Most home schooling is very well organised and done in groups, regularly inspected. It should not be banned just because of some awful people abusing the system. There are nasties in every situation, including schools, hospitals and children's homes but the majority of folk are OK.

Punocchio · 17/12/2024 14:56

Birdscratch · 17/12/2024 14:54

Taking exams early/splitting them isn’t an issue for GSCEs. It does apply for A levels.

Yes, this I agree with. Most home educated children who take A levels don't take them early as they might with GCSEs, though. Many are at college or sixth form by that point.

Punocchio · 17/12/2024 14:56

LBFseBrom · 17/12/2024 14:55

Most home schooling is very well organised and done in groups, regularly inspected. It should not be banned just because of some awful people abusing the system. There are nasties in every situation, including schools, hospitals and children's homes but the majority of folk are OK.

What? It very much isn't.

Sortumn · 17/12/2024 14:56

QuickDenimDeer · 17/12/2024 14:48

How would an igcse look on a CV? I’m not sure how employers would feel about a HE individual compared to someone who has sat GCSE’s, A-levels etc in the same way as the majority, on the basis that they did all their work from home, and there’s far less regulation. When I went to school we had to sit an exam and be carefully watched by an adjudicator. We were all timed and that was how it was fair. Surely a child sitting an exam at home can google the answers? I’m not suggesting that a child can’t gain a basic education from be HE, but I struggle to see how they will assimilate to the outside world. Surely going into the workplace where there are usually strict rules, time constraints and someone outside of your family watching your performance is what you get from going to school outside of the home?
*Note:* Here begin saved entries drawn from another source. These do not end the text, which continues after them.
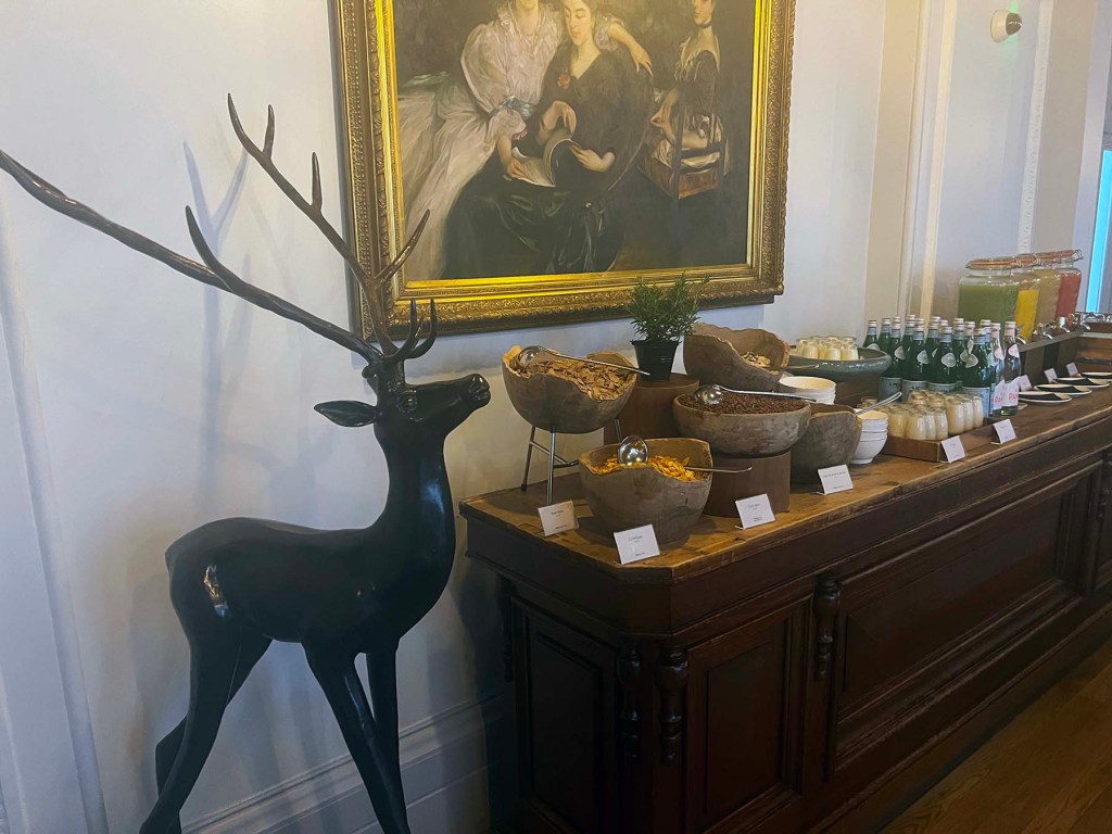 Los focos empotrados en los techos muy altos de nuestra habitación enloquecían a San Geraldo. No hay luces en los espejos. No hay luces en el escritorio. Como muchos edificios antiguos, la presión del agua era problemática. Además, tuvimos que esperar 10 minutos para que el agua se calentara. Se acabó pedirnos que “salvemos el planeta” no lavando nuestras toallas todos los días. Pero la bañera era una pesadilla especial: tan estrecha que mis pies no cabían de lado cuando me duchaba. Mi juanete en el pie izquierdo y la fascitis plantar del derecho sufrían un infierno todos los días cuando golpeaban los lados curvos de porcelana. Muy incómodo. Aún así, me quedaría allí de nuevo. Pediría una habitación accesible con ducha a ras de suelo y aguantaría la iluminación y la presión del agua.
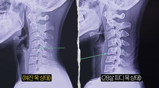 그 뒤 엑스레이 촬영을 했고, 결과물을 본 의사는 "통증이 계속 재발할수밖에 없는게 목이 역커브다"라고 심각한 상태를 지적했다. 한혜진은 "얼굴쪽으로 C자 커브가 있어야하는데 일자다 못해 뒤로 약간 가고있는것 같다"라고 놀랐고, 의사도 "역 C자다"라고 짚었다.
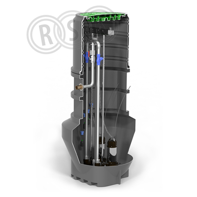 Grundpaket pumpstation PS1200-2 Utlopp invändig gänga 50, CC 1400 mm Inlopp Ø 160 mm, CC 1085 mm alt. 1405 mm (levereras oborrad)
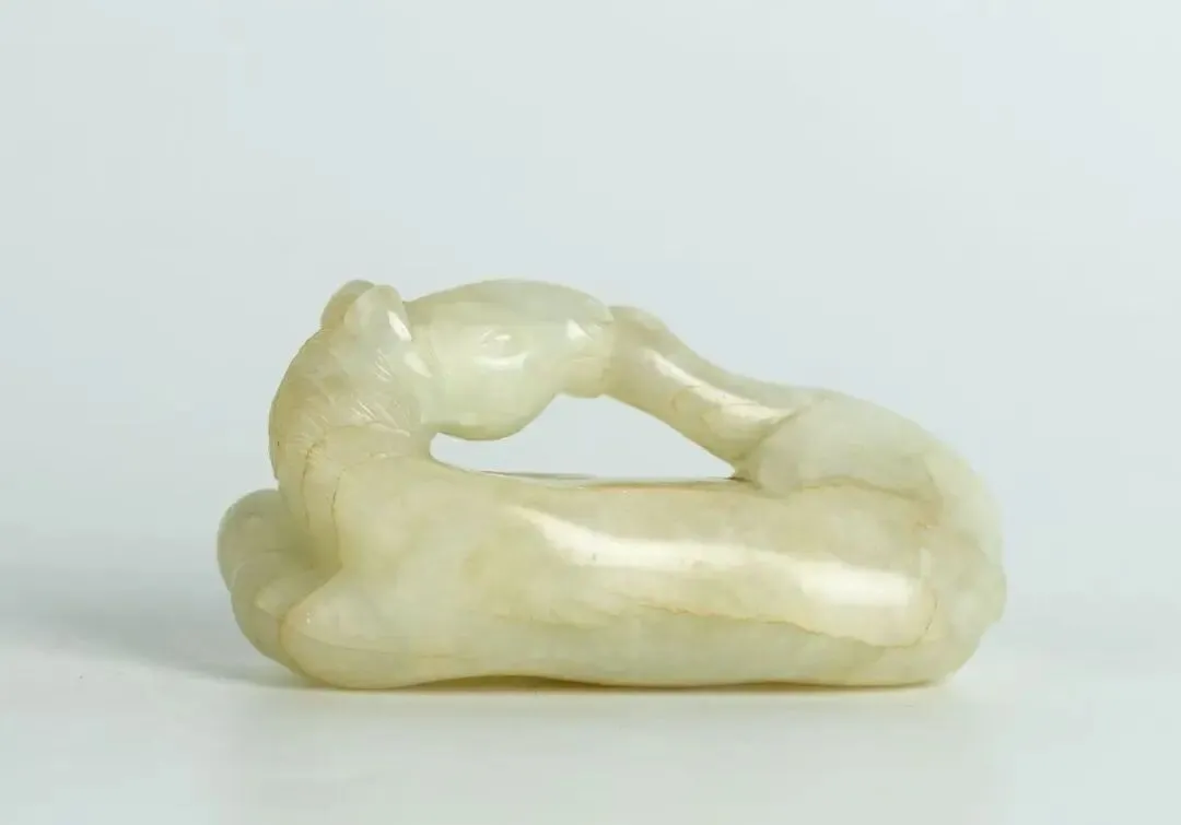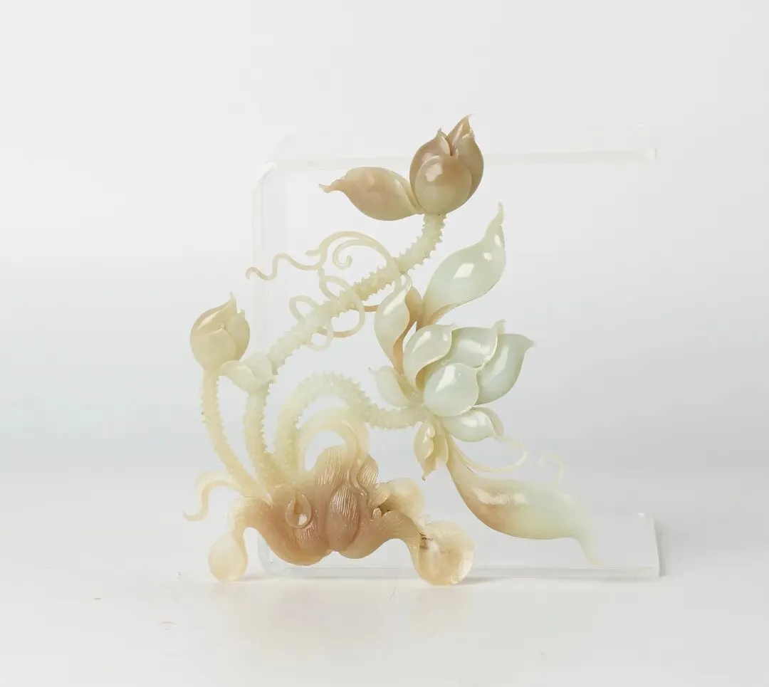 Lot 144 和田玉双面雕“一把青莲"摆件

I also didn’t say that school sets a child up better than HE, but that’s its design. I do have my belief that the education system needs a big overhaul to be more holistic and a whole lot more inclusive, however. My own DC has SEN, and the education side of things gives me the most worry. But I also do not want to be forced into HE because the school system fails my child.

Children don't sit exams at home! They sit exams in exactly the way you described at an exam centre. Our local private school is kind enough to act as an exam centre - obviously they charge an admin fee that makes this when their while, in addition to the exam fee.

An IGCSE simply means there is no coursework element, which makes it accessible.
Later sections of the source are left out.